I continued heading straight for Old Woman Island and it wasn't long before the birds were only about 150mtrs in front of me. I stopped to change the deep diver to a metal slug and just as I got going again the rod with the bomber went off bigtime. The first run almost took all of my 10lb braid and I could clearly see the backing. When it finally stopped, it must of turned and headed straight at me so luckily I was able to get back most of my line. The second, and then each of the successive runs were much shorter, and for the next 10 minutes or so we settled into a good battle where it was give and take, but I was slowly getting the upper hand. When I got it below the yak it started the circles that I have read so much about but never before experienced. Slowly I worked it to the surface and was thankful that for the first time ever, today I took a gaff out with me. My little environet or lipgrips would have been useless against this monster.
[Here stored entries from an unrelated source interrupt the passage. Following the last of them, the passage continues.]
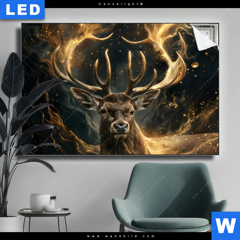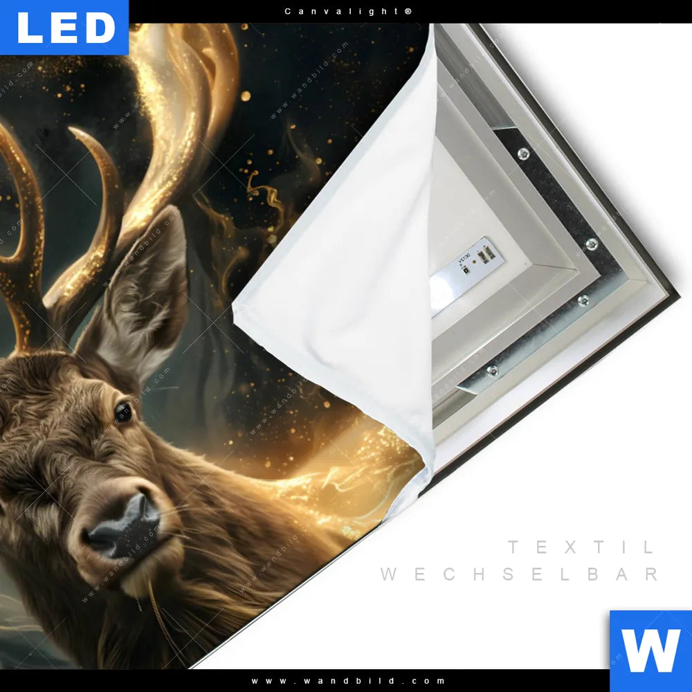 Canvalight® TEX Leuchtbild | Magischer Hirsch im Sternenlicht | Querformat
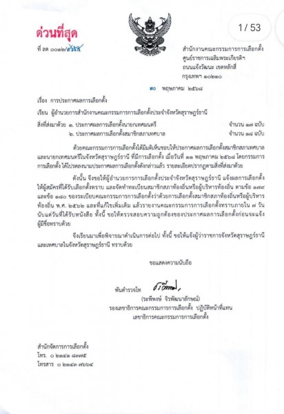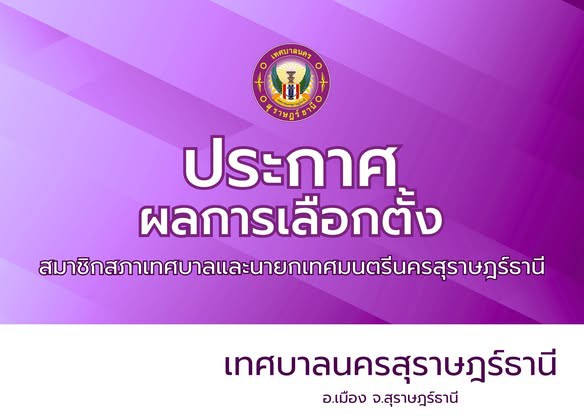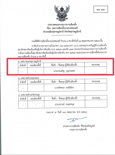 ประกาศคณะกรรมการการเลือกตั้ง เรื่อง ผลการเลือกตั้งนายกเทศมนตรี อำเภอเมืองสุราษฎร์ธานี จังหวัดสุราษฎร์ธานี
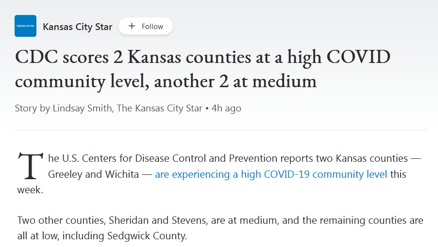 EE.UU. (EN INGLÉS) CDC califica a 2 condados de Kansas en un nivel alto de comunidad de COVID, otros 2 en medio Posted on abril 23, 2023 por coronado https://www.msn.com/en-us/news/other/cdc-scores-2-kansas-counties-at-a-high-covid-community-level-another-2-at-medium/ar-AA1adCQW
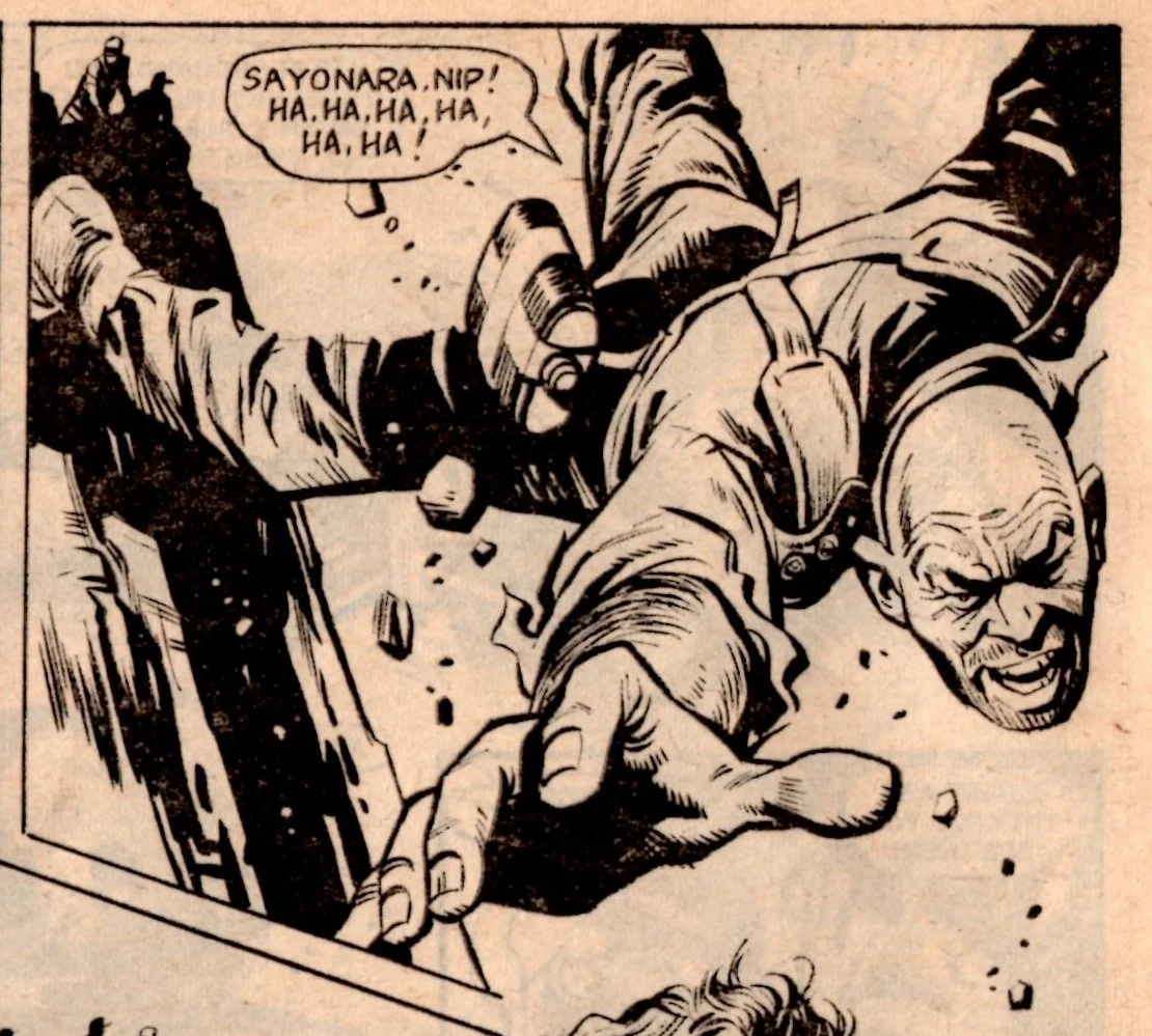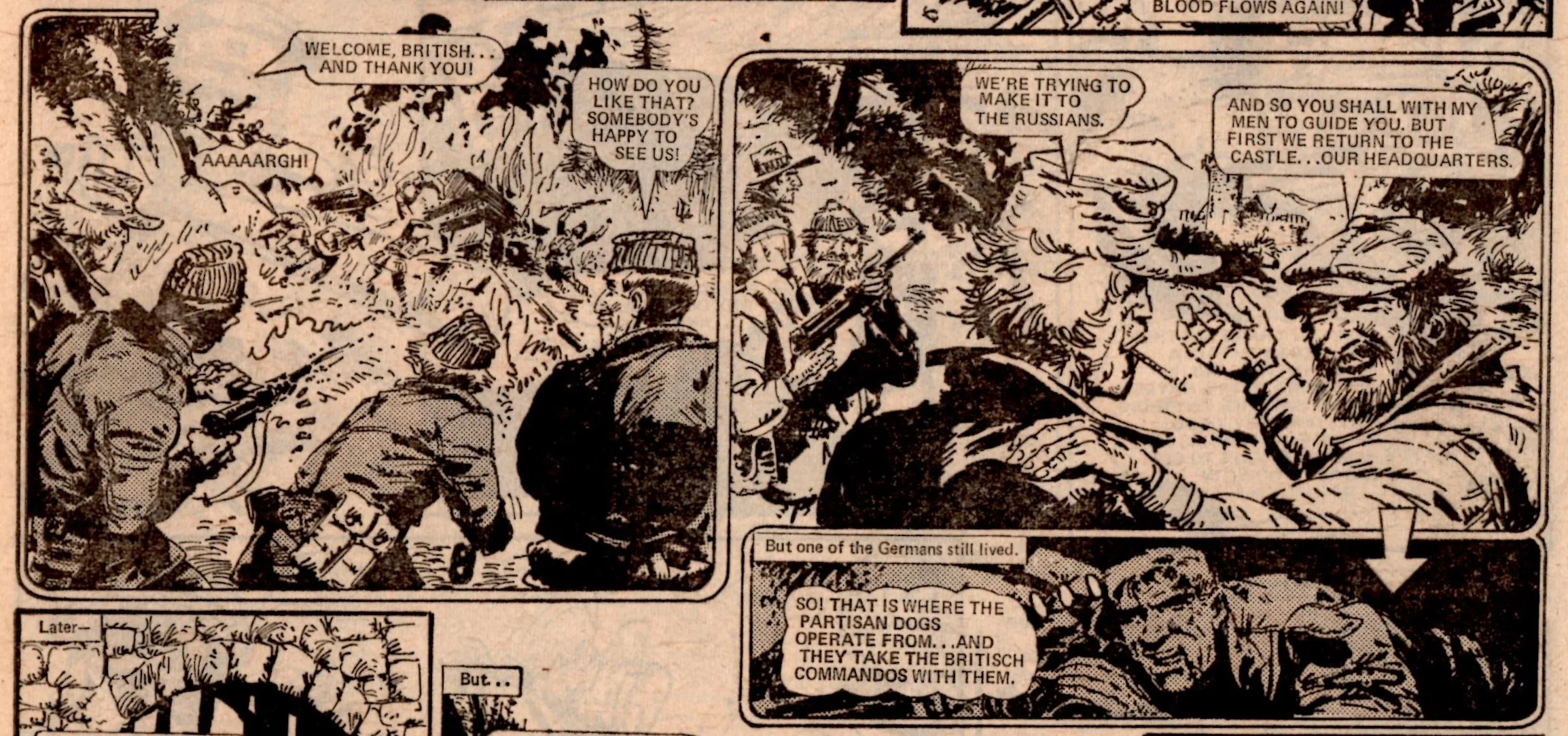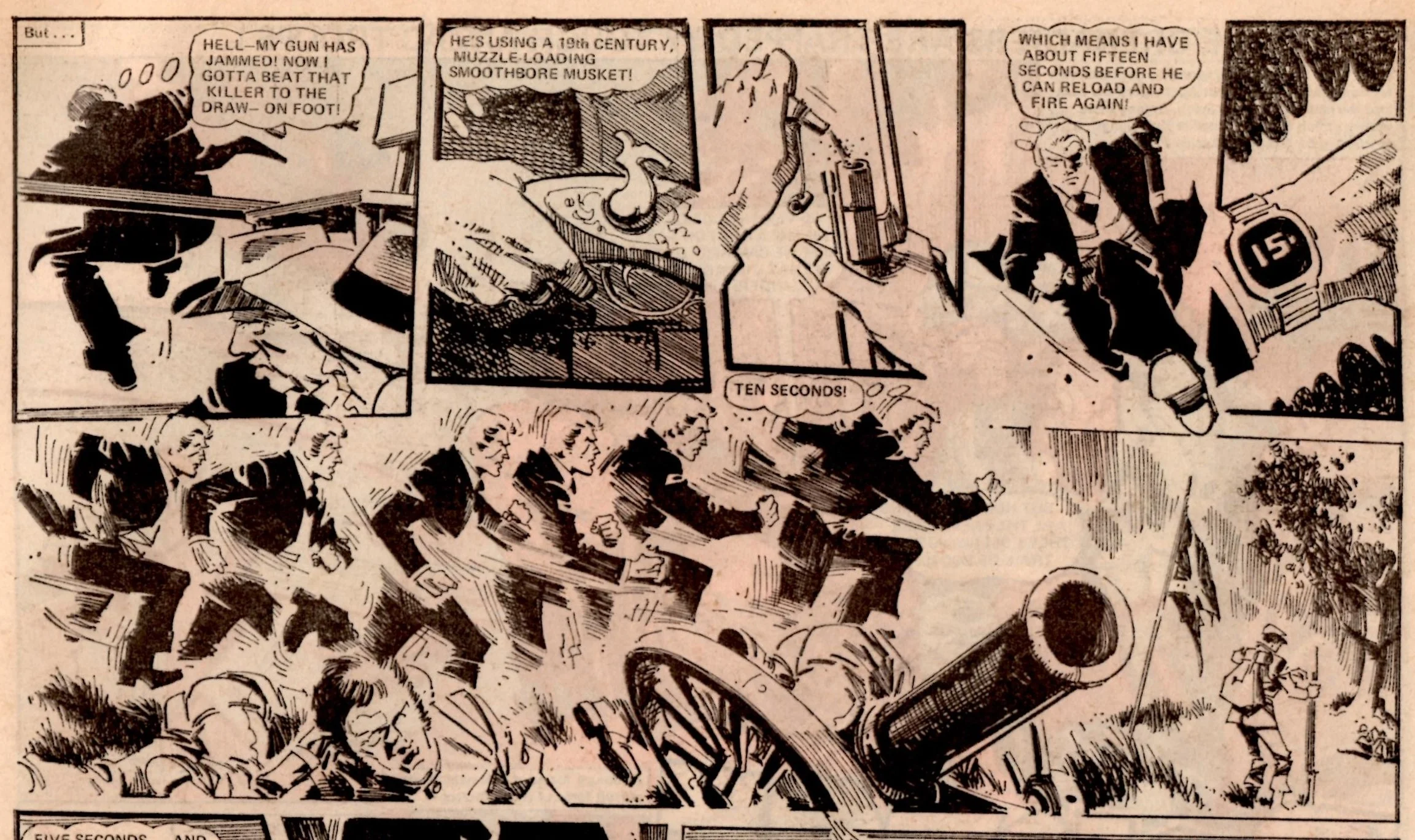 Inside, there’s the usual great Battle fare. Major Eazy teams up with the Rat Pack in what must have been a very exciting crossover event back in the day. Joe Colquhoun’s on duty on Johnny Red, Mike Western brings us a typically brutal yet strangely gorgeous Darkie’s Mob, and Pat Wright’s Operation Black Death is a truly chilling realisation of Hitler’s last days. There is a bonus thrill for me with a full-page ad for Weetabix’s 1977 Doctor Who promotion – quite possibly the most exciting cultural event of my childhood. Those figures were incredibly important to six-year-old me, to the extent that I still get goosebumps when I see stacks of Weetabix boxes on a grocer’s shelves.

After a bit of manouvering, I slid the gaff under it's gills and out its mouth and hauled it across my lap. WOOO-WHOOO!!! My first ever Longtail Tuna (first Tuna of any kind). It measured 96cms  . I was very lucky to land it as it was only held by 1 hook of the middle treble by the time I got it aboard.









By the time I was ready to get going again the rain was pelting down again. I decided as I had travelled about 3/4 of the way to O/W Island and the wind and current would be against me on the return trip, it would be wise to head back now. It had only taken about 45 minutes to get this far, but it would be much longer on the way back. I decided just to troll one rod for a while and leave the slug ready in case the opportunity arose to cast at a bust-up. Soon the rain was so heavy I literally couldn't see the shore. About 30 metres to the left of me I noticed Big Tuna leaping clear out of the water, but with the conditions getting worse I decided to bring the trolling rod in too and just head straight back in, satisfied that I had accomplished my goal. As I turned to grab it, it buckled over and the drag screamed off again on another huge run. NOOOO... I was truly torn between my desire to catch another of these brilliant fish and my desire to get back to dry land. I decided to try to get this one in as soon as possible and if I pulled the hooks, or it busted me off then so be it. Lift wind, lift wind, I gave this fish hell and with only 10lb braid and 30lb mono leader, I thought something would give. Before very long though I had it beside the yak. Forget the gaff, I grabbed the leader in one hand, paused for a quick photo or two :lol: , grabbed the tail in the other and heaved it aboard. This one was well hooked and it measured 92cms. I couldn't believe my luck 2 Longtails, when I really didn't think I'd get any.









Both rods were now staying out of the water, as I slowly made my way back to shore. It took about an hour and 45 minutes to get back in. I stopped about 500 mtrs from shore, once I was back in the relatively wind sheltered bay and gutted both fish. I then paddled back in to a lakelike shoreline and spent the next 20 minutes or so while trying to pack up, answering questions from amazed locals.









These fish were going to be more than I needed, as my wife and kids will eat very little, if any, so I sent an sms out to a few of the sunny coast yakkers to say the first to reply would score one. Greg (hardplastic) replied within seconds so we made arrangements for me to drop one off to his very grateful wife. I hope you enjoy it guys.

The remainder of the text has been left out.